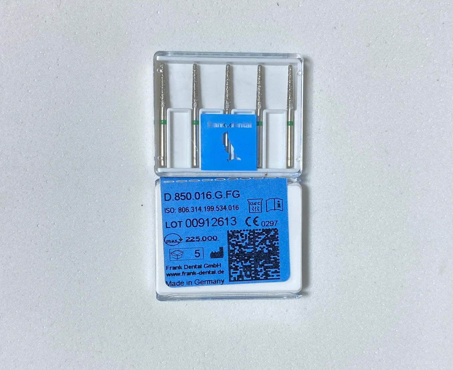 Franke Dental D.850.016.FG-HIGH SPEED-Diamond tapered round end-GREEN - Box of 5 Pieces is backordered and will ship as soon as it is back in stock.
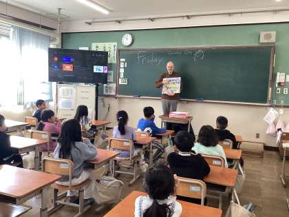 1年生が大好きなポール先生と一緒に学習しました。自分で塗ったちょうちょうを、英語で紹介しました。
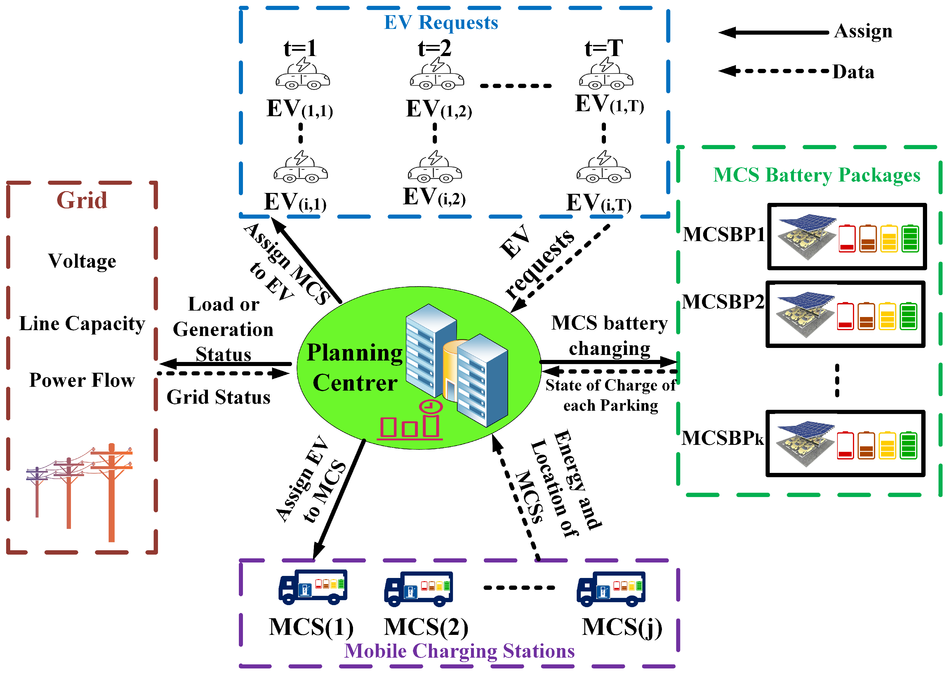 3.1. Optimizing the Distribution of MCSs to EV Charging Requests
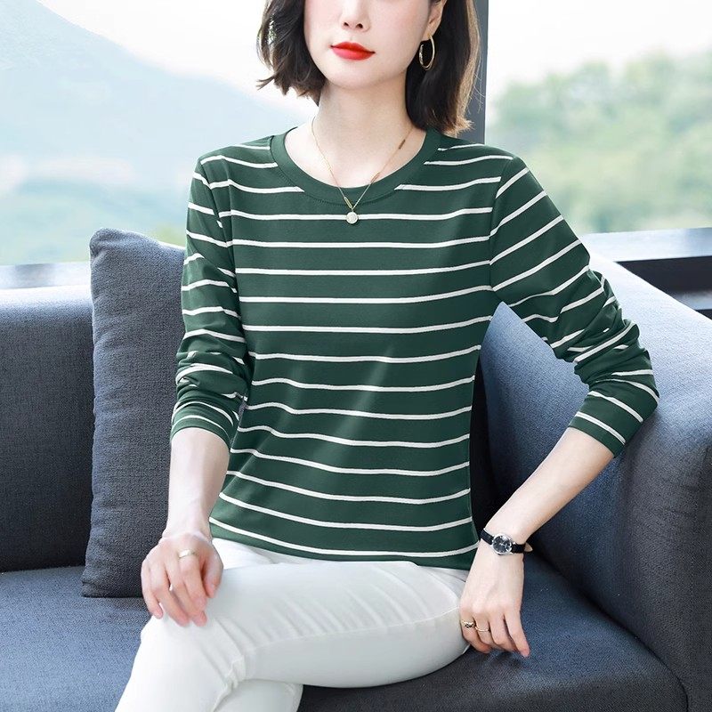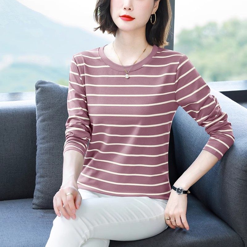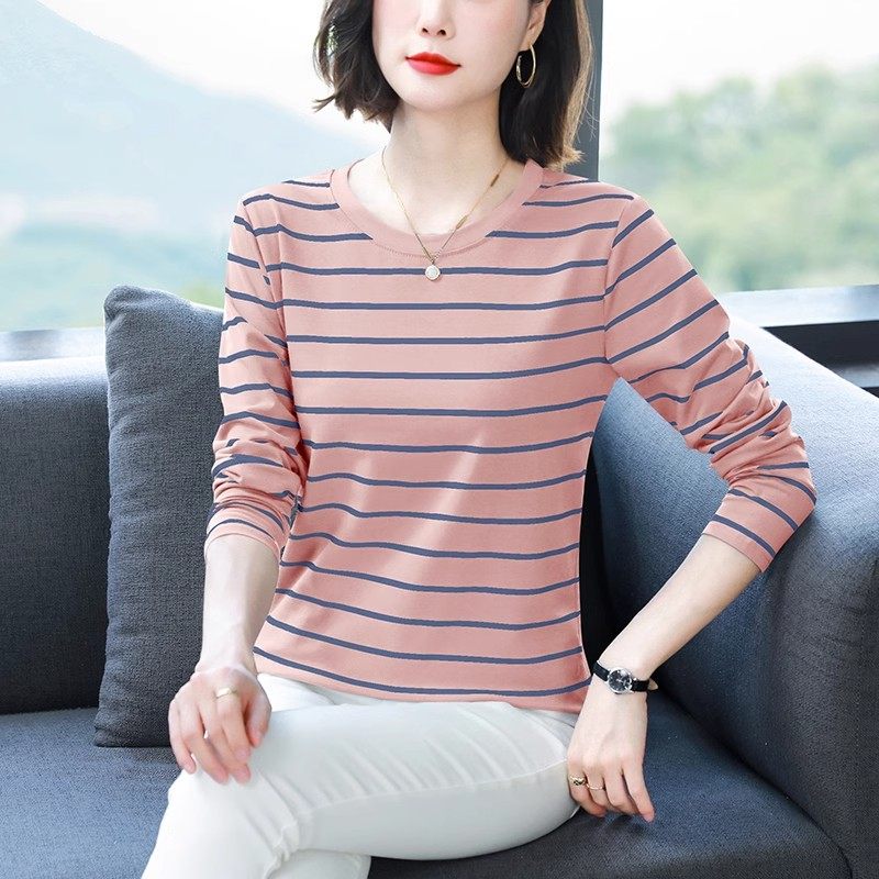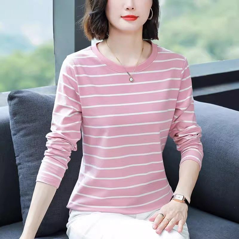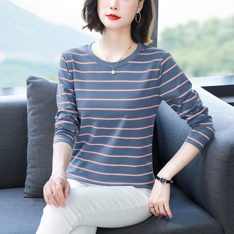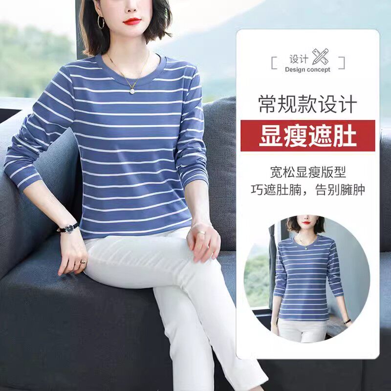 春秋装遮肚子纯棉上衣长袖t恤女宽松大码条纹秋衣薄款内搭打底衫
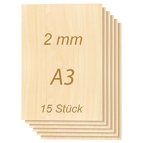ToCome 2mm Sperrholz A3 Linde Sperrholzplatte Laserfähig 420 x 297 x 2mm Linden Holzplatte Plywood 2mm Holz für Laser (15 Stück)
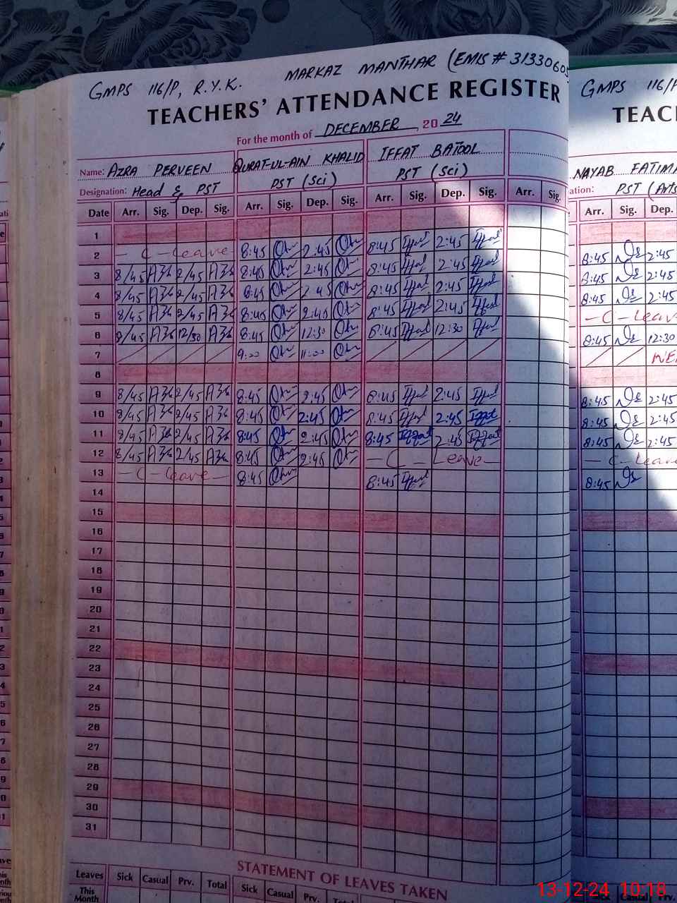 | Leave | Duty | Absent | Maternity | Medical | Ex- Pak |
####################
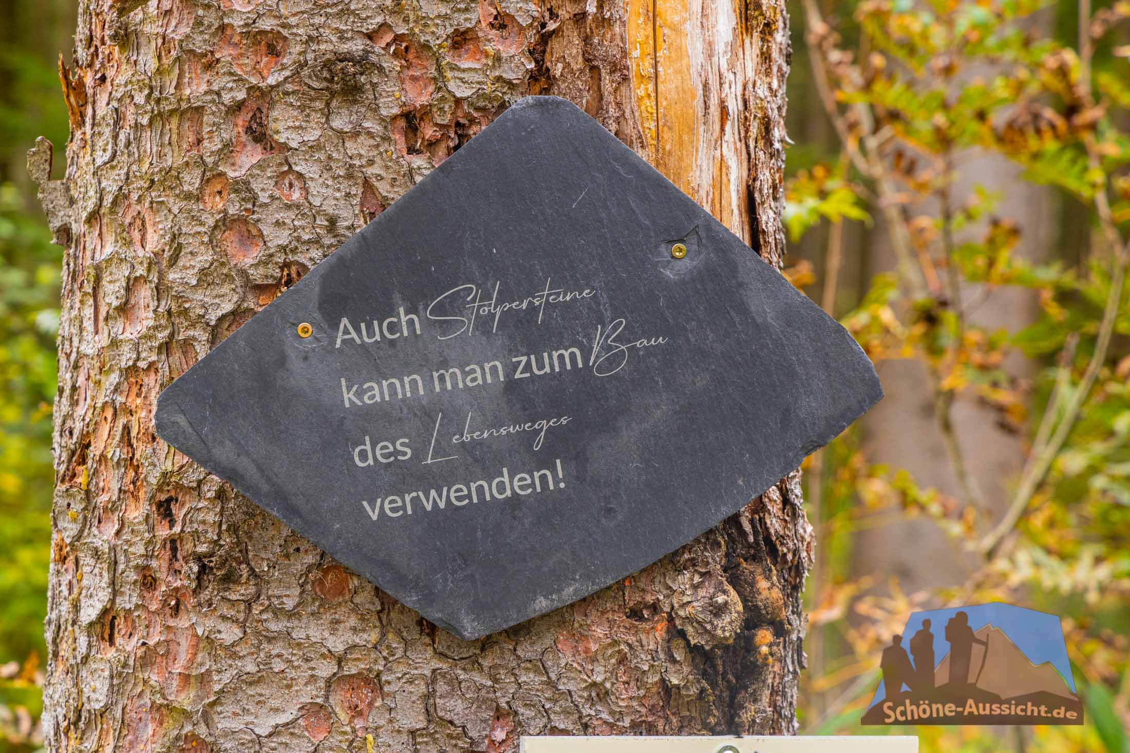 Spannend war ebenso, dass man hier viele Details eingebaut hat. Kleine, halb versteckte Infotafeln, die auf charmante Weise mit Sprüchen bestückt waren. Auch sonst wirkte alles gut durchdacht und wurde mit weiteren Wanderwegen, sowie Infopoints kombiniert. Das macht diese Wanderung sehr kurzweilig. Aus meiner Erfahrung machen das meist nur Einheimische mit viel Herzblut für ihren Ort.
####################
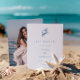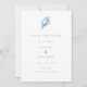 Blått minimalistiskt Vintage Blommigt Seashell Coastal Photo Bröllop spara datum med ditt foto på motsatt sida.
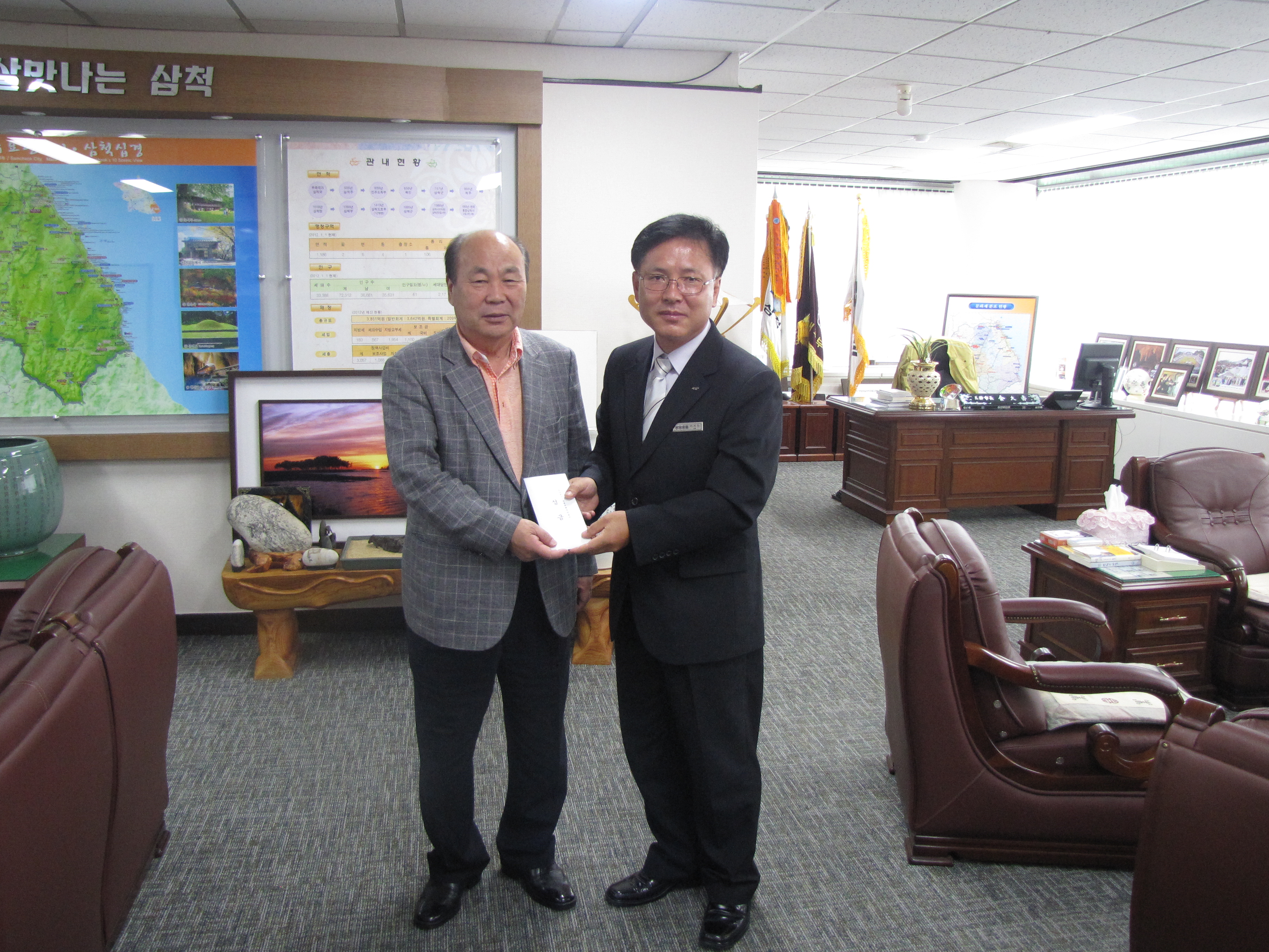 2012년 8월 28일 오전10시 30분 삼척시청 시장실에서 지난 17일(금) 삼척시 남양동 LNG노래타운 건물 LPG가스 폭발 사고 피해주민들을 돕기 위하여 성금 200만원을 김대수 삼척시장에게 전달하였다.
####################
▶ DIRECTIONS
Repeat exactly the stretch of the listing above that starts with the line holding "Blått minimalistiskt Vintage" and finishes with the line holding "2012년 8월 28일", both included. Skip every picture.

▶ RESULT
 Blått minimalistiskt Vintage Blommigt Seashell Coastal Photo Bröllop spara datum med ditt foto på motsatt sida.
 2012년 8월 28일 오전10시 30분 삼척시청 시장실에서 지난 17일(금) 삼척시 남양동 LNG노래타운 건물 LPG가스 폭발 사고 피해주민들을 돕기 위하여 성금 200만원을 김대수 삼척시장에게 전달하였다.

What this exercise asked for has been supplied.